Sexual and Gender Diversity in Social Services
- Discipline: Sexology
- Language: English
- Edited by: Shelley Craig, Peter A. Newman

Publication details
- Former name(s): Journal of Gay and Lesbian Social Services
- History: 1994–present
- Publisher: Routledge
- Frequency: Quarterly
- Open access: Hybrid
- Impact factor: 1.5 (2022)

Standard abbreviations
- ISO 4: Sex. Gend. Divers. Soc. Serv.

Indexing
- ISSN: 2993-3021 (print) 2993-303X (web)
- LCCN: 2023201332
- Journal of Gay and Lesbian Social Services
- ISSN: 1053-8720 (print) 1540-4056 (web)
- LCCN: 94659088
- OCLC no.: 22683509

Links
- Journal homepage; Online access; Online archive;

= Sexual and Gender Diversity in Social Services =

Sexual and Gender Diversity in Social Services is a quarterly peer-reviewed academic journal that covers research related to sexual minorities and their social environment, including issues of homophobia and heterosexism and the personal, day-to-day experiences of people affected by these attitudes.
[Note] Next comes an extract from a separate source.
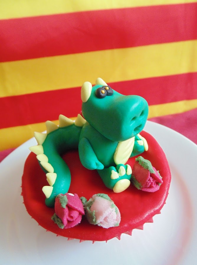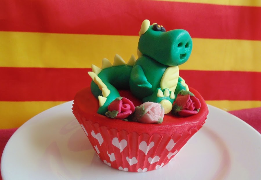 Ya os he comentado más de una vez que una de las fiestas más bonitas que tenemos en Barcelona es la de Sant Jordi. Por eso no puedo evitar preparar siempre alguna cosa especial por estas fechas. Pero me pilla con poco tiempo… ¿Qué puedo hacer? Algo sencillo y vistoso: unos cupcakes de vainilla, decorados con dragones. Puede sonar complicado, pero no hay nada más fácil para introducirse en el tema de decorar cupcakes, que hacerlo con fondant… en serio, hacedme caso…

The editors-in-chief are Shelley Craig and Peter A. Newman (both University of Toronto). The journal was established in 1994 as the Journal of Gay and Lesbian Social Services, obtaining its current name in 2024. The journal is affiliated with the American Association of Sexuality Educators, Counselors, and Therapists, Society for the Psychological Study of Lesbian, Gay, Bisexual, and Transgender Issues (Division 44 of the American Psychological Association), Society for the Scientific Study of Sexuality, and the Caucus of LGBT Faculty and Students in Social Work, whose members can obtain the journal at a special society member rate.

==Abstracting and indexing==
The journal is abstracted and indexed in:

- EBSCO databases
- Emerging Sources Citation Index
- International Bibliography of Periodical Literature
- ProQuest databases
- PsycINFO
- Scopus

According to the Journal Citation Reports, the journal has a 2022 impact factor of 1.5.